Chemical Structure & Class
Isoprenaline is a synthetic catecholamine - the N-isopropyl analogue of norepinephrine. Its full chemical name is d,l-β-[3,4-dihydroxyphenyl]-α-isopropylaminoethanol. It has the standard catechol (3,4-dihydroxyphenyl) ring, so it is:
- A substrate for COMT - metabolized relatively quickly
- A relatively poor substrate for MAO and the norepinephrine transporter (NET), so it is not taken up by sympathetic neurons to the same extent as norepinephrine/epinephrine
The bulky isopropyl group on the nitrogen confers high beta-receptor affinity and markedly reduces alpha-receptor activity.
Receptor Profile
| Receptor | Activity |
|---|---|
| Beta-1 | +++ (potent, cardiac) |
| Beta-2 | +++ (potent, vascular/bronchial) |
| Alpha-1 | Essentially none |
| Alpha-2 | Essentially none |
It is a potent, non-selective beta agonist with virtually no alpha activity - the defining characteristic that distinguishes it from epinephrine and norepinephrine.
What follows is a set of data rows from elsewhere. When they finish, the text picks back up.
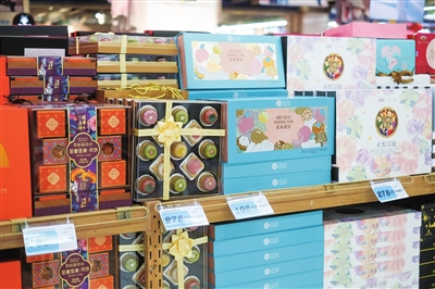 记者在崂山区某大型线下商超内看到,商场入口处已经开辟出月饼专区,摆满了各种月饼礼盒,引得消费者纷纷驻足选购。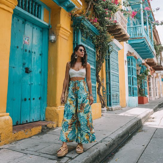 Palazzo pants offer comfort and drama. In a vibrant print with a simple crop top, this creates Instagram-worthy vacation looks that photograph beautifully.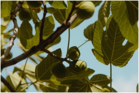 A detailed view of a fig tree branch showcasing fresh green leaves and unripe figs against a clear sky.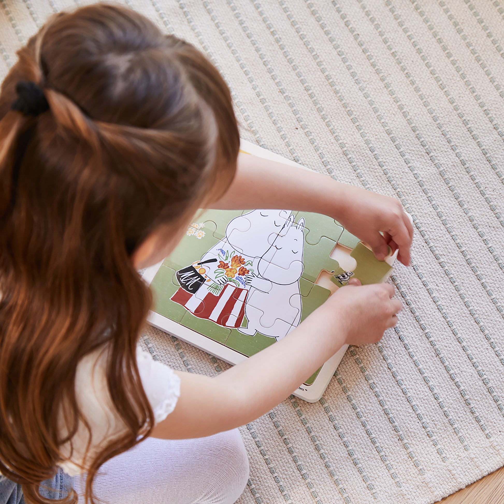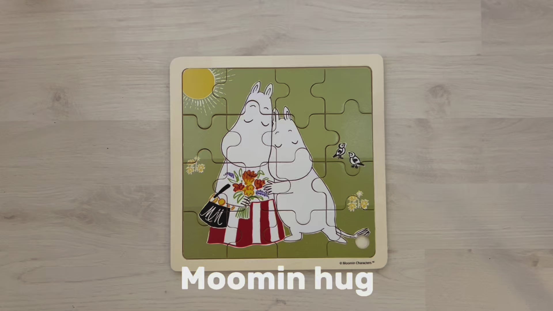 Hyggeligt robust træpuslespil i en ramme med et sødt motiv af Moomin og Muminmamma-krammer.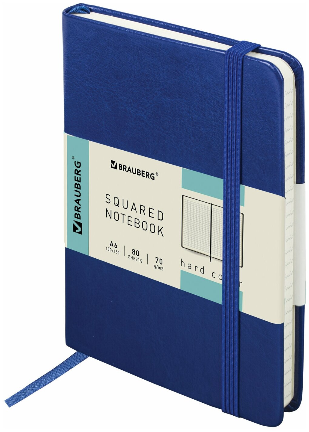 Блокнот Brauberg малый формат, (100*150 мм), А6 "Metropolis Special", под кожу, резинка, 80 листов, синий (111580) информация: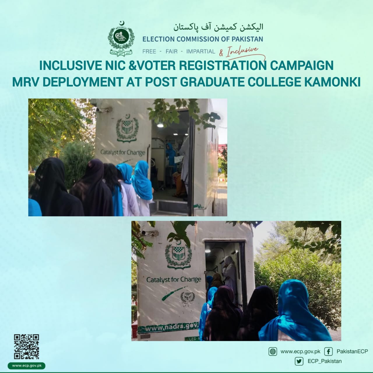 گورنمنٹ پوسٹ گریجویٹ کالج فار ویمن کامونکی میں طالبات نےنادرا ایم آر وی کے ذریعے قومی شناختی کارڈ بنوائے۔ الیکشن کمیشن آف پاکستان کی جانب سے خواتین ووٹرز کی رجسٹریشن کے فروغ کے لیے یہ اقدام کیا گیا۔

Per Guyton & Hall, it has "an extremely strong action on beta receptors but essentially no action on alpha receptors."
Pharmacological Actions
Cardiovascular Effects
The unique receptor profile creates a characteristic hemodynamic pattern:
Cardiovascular effects of intravenous isoproterenol infusion - Lippincott Illustrated Reviews: Pharmacology
| Parameter | Effect | Mechanism |
|---|---|---|
| Heart rate | ↑↑↑ (tachycardia) | Beta-1: positive chronotropy |
| Myocardial contractility | ↑↑↑ | Beta-1: positive inotropy |
| Cardiac output | ↑↑ | Beta-1 effects |
| Peripheral vascular resistance | ↓↓↓ | Beta-2: vasodilation in skeletal muscle, renal, mesenteric, splenic beds |
| Systolic BP | ↑ (slight) or unchanged | Increased cardiac output |
| Diastolic BP | ↓↓ markedly | Peripheral vasodilation |
| Mean arterial pressure | ↓ | Net effect dominated by vasodilation |
| Pulse pressure | Widened | Systolic slightly up, diastolic down |
This produces the classic "hyperdynamic" pattern: strong cardiac stimulation + peripheral vasodilation + reduced diastolic BP. The fall in diastolic pressure also means coronary perfusion pressure decreases, which - combined with greatly increased myocardial O2 demand and shortened diastolic filling time - creates significant risk of subendocardial ischemia, even without coronary stenosis.
Bronchial Effects
- Potent bronchodilator via beta-2 stimulation of airway smooth muscle
- Inhibits antigen-induced release of histamine and other inflammatory mediators from pulmonary mast cells
- Relaxes almost all smooth muscle when tone is high, most pronounced in bronchial and GI smooth muscle
Other Effects
- Relaxes uterine smooth muscle (tocolytic effect via beta-2)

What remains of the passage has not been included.